**What needs to be done**
To complete this task, print all the data below exactly but leave out the images.

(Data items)
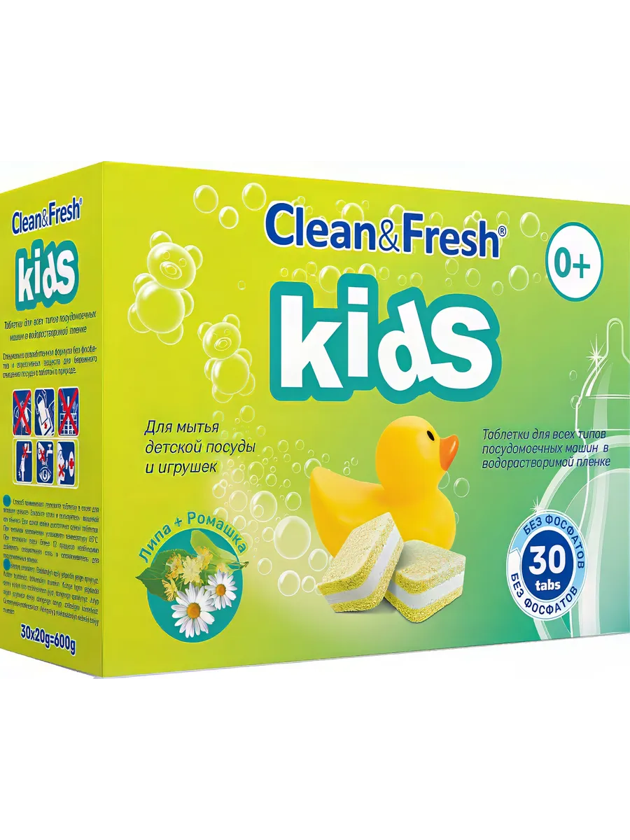 Таблетки для посудомоечных машин Clean&Fresh KIDS предназначены для мытья детской посуды. Описание: удаляют все загрязнения и устраняют неприятные запахи; после мойки на посуде остаётся лёгкий аромат лимона; придают блеск и сияние посуде; бережно заботятся о посуде из стекла и хрусталя, не допуская её потемнения; помогают усилить блеск посуды из нержавеющей стали; содержат смягчающие воду добавки и защищают посудомоечную машину от образования накипи; сохраняют свою эффективность при температуре воды 30 °С, способствуя более экономному расходу электричества при мойке посуды. Состав: экстракты липы и ромашки, лимонная кислота 15–30%, сода пищевая 15–30%, натуральное мыло, кислородный отбеливатель 5–15%, ферменты, соль поваренная, активные функциональные добавки. Количество- 30 шт.
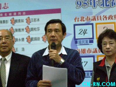 中國臺灣網12月9日消息 據臺媒報道,臺北高雄市長選舉結果今晚揭曉,國民黨主席馬英九在吳伯雄等多位國民黨副主席的陪同下舉行記者會,發(fā)表對選舉結果的談話。
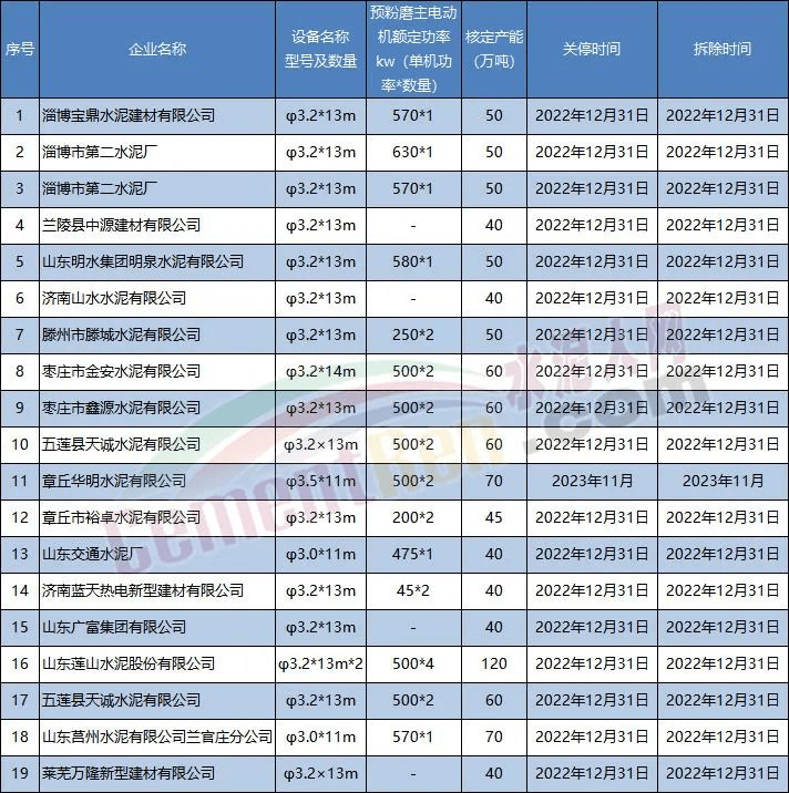 據水泥人網不完全統計,今年1-7月,山東省公告用于置換或補齊產能退出的粉磨生產線共20條,關停拆除時間多在2022年12月31日。
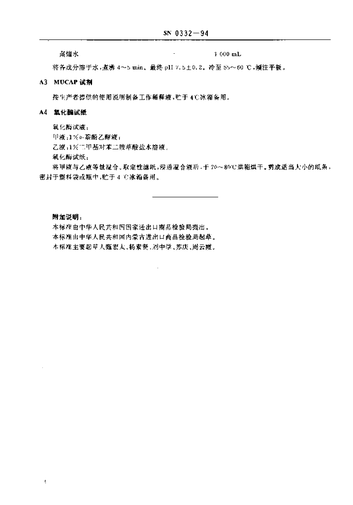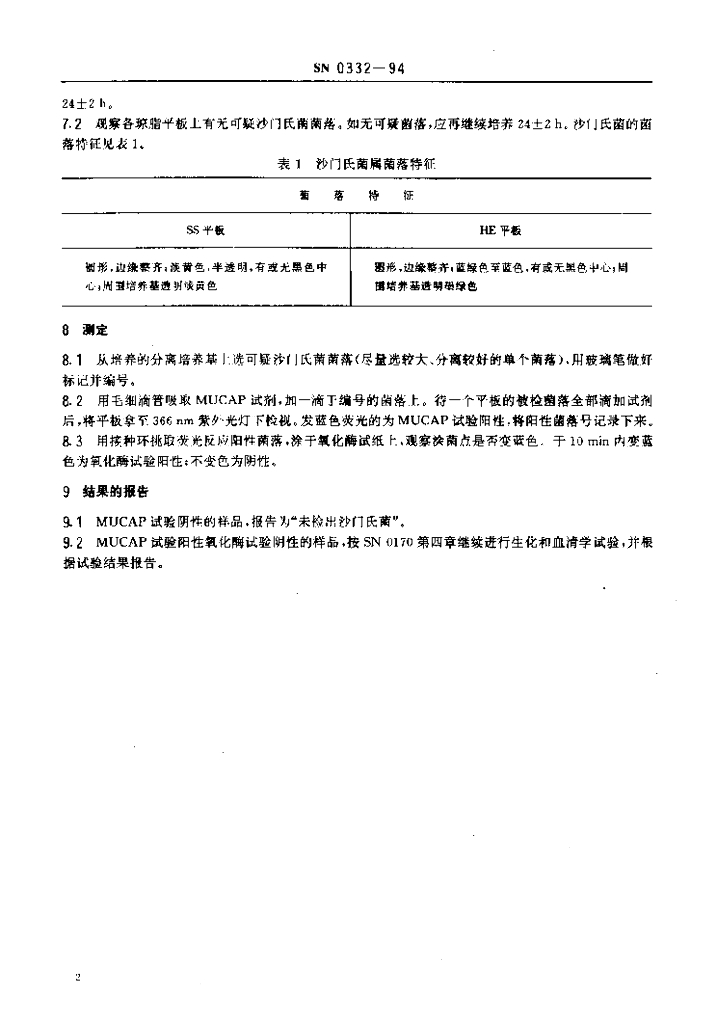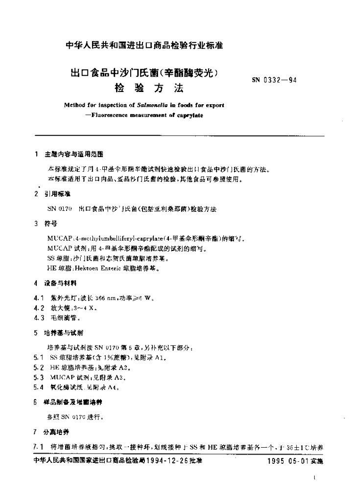 SN 0332-1994 出口食品中沙门氏菌(辛酯酶荧光)检验方法
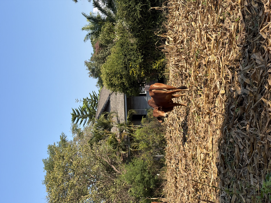A brown cow grazes in a field of dry, brown corn stalks. Behind it, a small, weathered building is partially obscured by lush green trees and vegetation. The sky is a clear, bright blue, providing a backdrop to the scene. Palm trees are visible amongst the other foliage.

**Finished task**
 Таблетки для посудомоечных машин Clean&Fresh KIDS предназначены для мытья детской посуды. Описание: удаляют все загрязнения и устраняют неприятные запахи; после мойки на посуде остаётся лёгкий аромат лимона; придают блеск и сияние посуде; бережно заботятся о посуде из стекла и хрусталя, не допуская её потемнения; помогают усилить блеск посуды из нержавеющей стали; содержат смягчающие воду добавки и защищают посудомоечную машину от образования накипи; сохраняют свою эффективность при температуре воды 30 °С, способствуя более экономному расходу электричества при мойке посуды. Состав: экстракты липы и ромашки, лимонная кислота 15–30%, сода пищевая 15–30%, натуральное мыло, кислородный отбеливатель 5–15%, ферменты, соль поваренная, активные функциональные добавки. Количество- 30 шт.
 中國臺灣網12月9日消息 據臺媒報道,臺北高雄市長選舉結果今晚揭曉,國民黨主席馬英九在吳伯雄等多位國民黨副主席的陪同下舉行記者會,發(fā)表對選舉結果的談話。
 據水泥人網不完全統計,今年1-7月,山東省公告用于置換或補齊產能退出的粉磨生產線共20條,關停拆除時間多在2022年12月31日。
 SN 0332-1994 出口食品中沙门氏菌(辛酯酶荧光)检验方法
A brown cow grazes in a field of dry, brown corn stalks. Behind it, a small, weathered building is partially obscured by lush green trees and vegetation. The sky is a clear, bright blue, providing a backdrop to the scene. Palm trees are visible amongst the other foliage.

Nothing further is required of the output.